Xavier Domenech, diputado de la coalición Unidos Podemos-En Comú Podem-En Marea, dice a los corresponsales:

“Se están multiplicando diversas iniciativas, como la que tuvimos (el miércoles 4) Podemos, el Partido Nacionalista Vasco, Partido Demócrata Catalán y sindicatos; otra es la iniciada por el Colegio de Abogados de Barcelona, a la que se sumó el club de futbol Barcelona; una más es la propuesta del lehendakari (presidente de la comunidad vasca), Iñigo Urkullu, quien se puso a disposición del presidente de la Comisión Europea, Jean Claude Juncker, para propiciar una ‘mediación europea’, y también hay un esfuerzo que llevan a cabo jerarcas de la Iglesia católica en busca de vías de encuentro.

“Se trata de evitar el abismo. No se están planteando siquiera los puntos de la negociación, sino que ambas partes elijan unos mediadores, porque a partir de este lunes (9) podríamos vivir una situación de ruptura total o de excepcionalidad total. Todos los portavoces y la Iglesia estamos en contacto para ver si encontramos alguna puerta que no sea el escenario fatal de la declaratoria de independencia y una respuesta represiva del Estado español.”

En su opinión, el Partido Socialista Obrero Español (PSOE), que mantiene su apoyo a la posición del gobierno de Mariano Rajoy de evitar cualquier negociación hasta que se regrese a la vía de la legalidad, podría ayudar a desbloquear la actual crisis.

El político e historiador catalán reconoce que hasta ahora los dos gobiernos rechazan los argumentos de la parte contraria; por ello sostiene que “todas estas iniciativas mediadoras buscan ‘desescalar’ la actual situación. Y una posible salida sería que el gobierno central retire a las fuerzas de seguridad de Cataluña y la intervención de la Hacienda catalana y que Cataluña retire la declaración unilateral de independencia, para empezar a hablar”.

Sin embargo advierte que “el problema es que el gobierno de Rajoy está inamovible a la espera de la DUI para actuar judicialmente contra los promotores del independentismo, porque el 1-O lo vivió como una humillación; fue un fracaso en términos internos que se celebrara la votación, cuando estuvo prometiendo que ese referéndum no se iba a celebrar bajo ningún concepto y, a nivel internacional, por las portadas de todos los medios del mundo reflejando los actos de represión contra gente indefensa.

“Es un fracaso para su gobierno pero también para el Centro Nacional de Inteligencia.

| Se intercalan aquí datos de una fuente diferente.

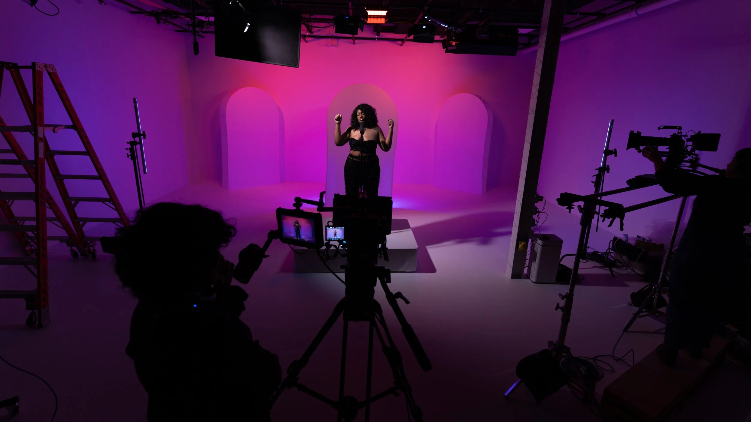 Our Director of Photography and Lead Producer Stephanie Houten directs camera crews using a variety of techniques, including gimbal operation, dolly shots, interview setups, overhead rigs, choreography, and more.

Lo que vemos es que el gobierno está pensando cómo conseguir una victoria, más que en la forma de ‘desescalar’ el actual escenario. Esto no se puede enfocar en victorias o derrotas.”

Es preferible, dijo, que se celebren “negociaciones ahora” y no que haya “represión y rupturas emocionales, sociales y políticas (…) La victoria de la próxima semana puede significar una derrota de años”.

A esta crisis se sumó la psicosis de los mercados bursátiles, primero con una caída de tres puntos en la Bolsa de Valores de Madrid a lo que se sumó la decisión histórica del Banco Sabadell de anunciar a la Comisión Nacional del Mercado de Valores que se va de Cataluña y muda su domicilio fiscal a Alicante. Y la convocatoria de los accionistas de CaixaBank que el viernes decidirá su traslado a Palma de Mallorca.

El Sabadell argumentó que se trata de una “decisión técnica y no política con el objetivo de proteger a clientes y accionistas”, pero es un revés por la falta de seguridad jurídica que produce una posible declaración de independencia.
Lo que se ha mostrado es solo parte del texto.